The basecoat was applied to the uncoated board using a trailing bent blade applicator. The basecoat was applied such that the minimal amount of basecoat needed to fill the voids in the sheet roughness remained on the sheet, while scraping the excess basecoat from the sheet to leave a minimum amount of basecoat above the plane of the fiber surface. The basecoat was applied at a coat weight of about 6.0 lbs/3000 ft2. The topcoat was applied over the basecoat to further improve the surface smoothness.
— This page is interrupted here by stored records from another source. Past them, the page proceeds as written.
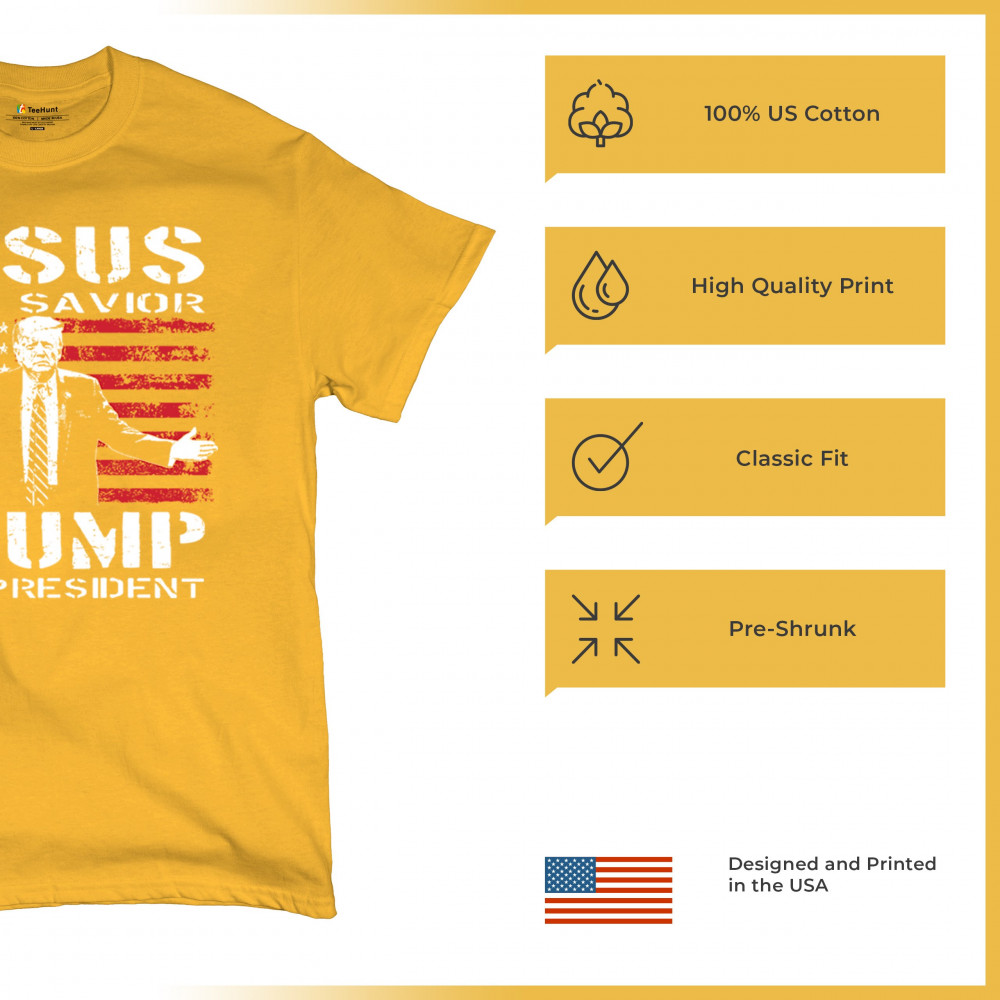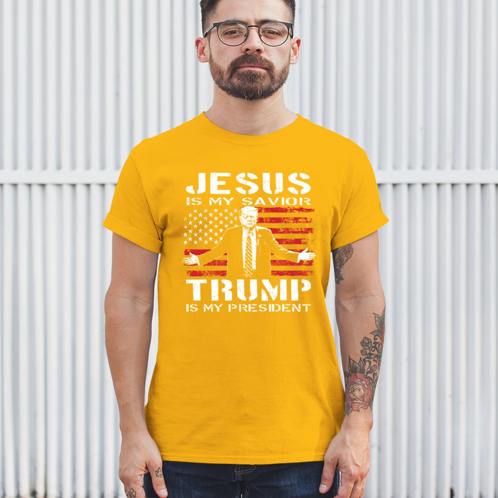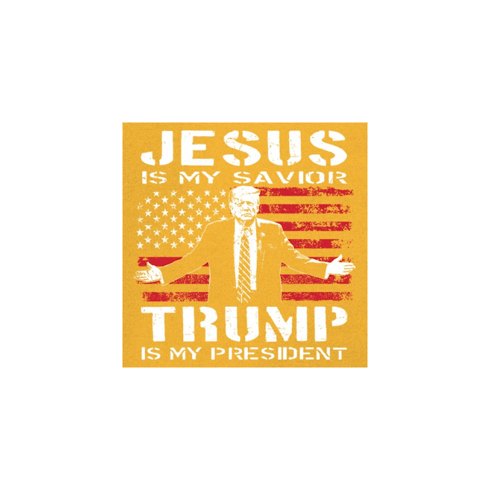 Express your unwavering faith and patriotism with the "Jesus is My Savior, Trump is My President" design. Perfect for conservatives, Republicans, and Trump supporters, this bold graphic combines spiritual devotion with a commitment to America First values. Celebrate the 47th President and the fight for freedom with this standout piece at rallies, events, or as a unique gift.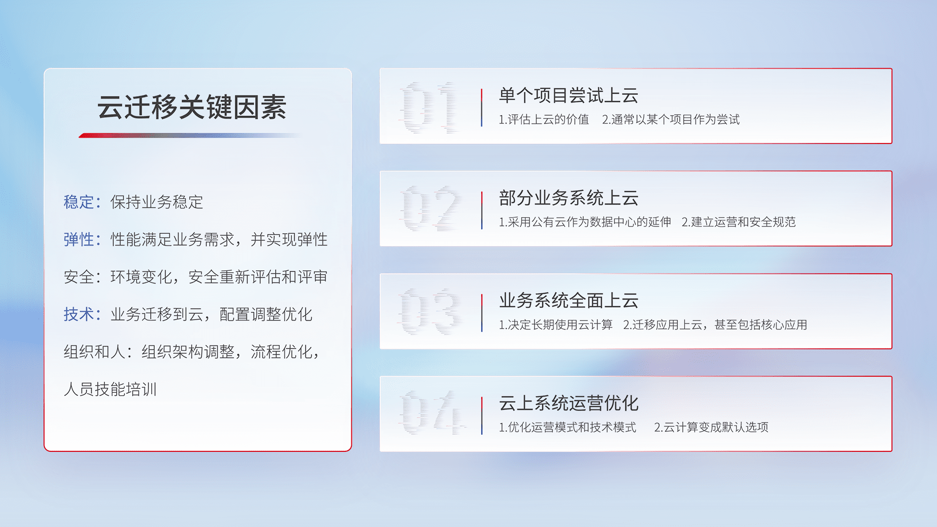 结合实际业务,,,,从规划设计、、云平台选型、、云原生改造、、、数据迁移、、、、集成交付,,,,迁移全过程为客户识别最佳上云路径,,,做好风险识别管理,,设计网络架构、、、身份权限、、安全审计合规、、操作审计、、日志审计、、监控告警策略、、、多站点容灾设计等,,,,对云上基础设施进行整体规划,,,提升IT治理水平,,,,以满足弹性、、、高可用、、、高性能的需求。。。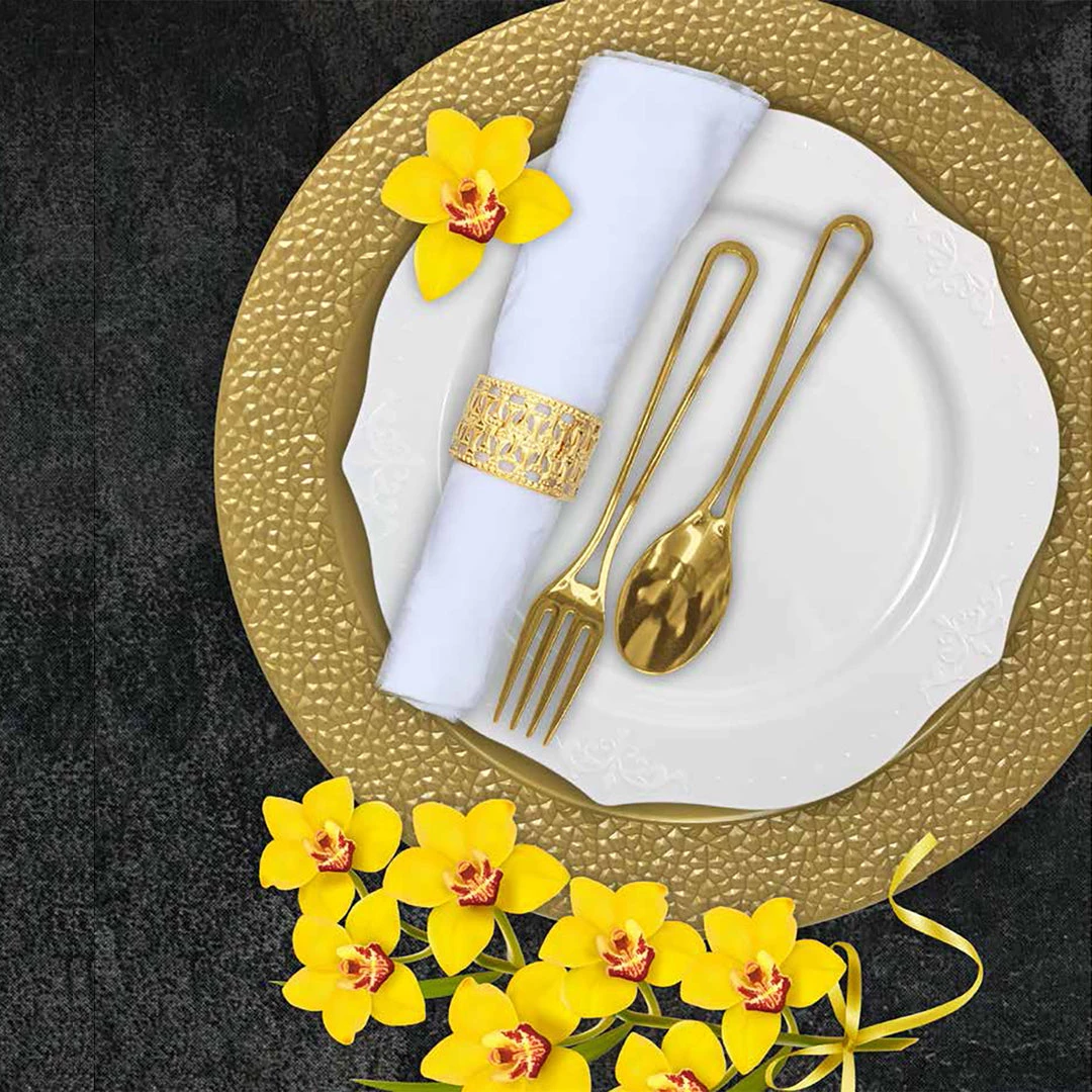 - Elegant Embossed Hammered Design Gold Colored Plastic Charger Plate.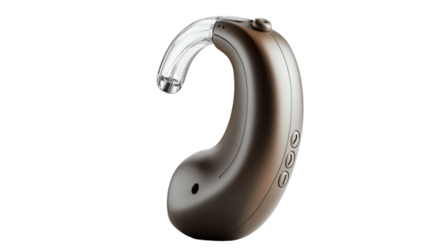 Modern hearing aid device attached to an ear, enhancing auditory function and improving communication for individuals with hearing impairment, isolated on a transparent background

The topcoat was applied at a coat weight of about 5.4 lbs/3000 ft2.
The resulting coated structure had a total basis weight of about 130.0 lbs/3000 ft2, a caliper of about 0.012 inches (12 points) and a Parker Print Surf (PPS 10S) smoothness of about 1.5 microns.
Example 2A low density uncoated board having a basis weight of about 186.8 lbs/3000 ft2 was prepared using a pilot production process.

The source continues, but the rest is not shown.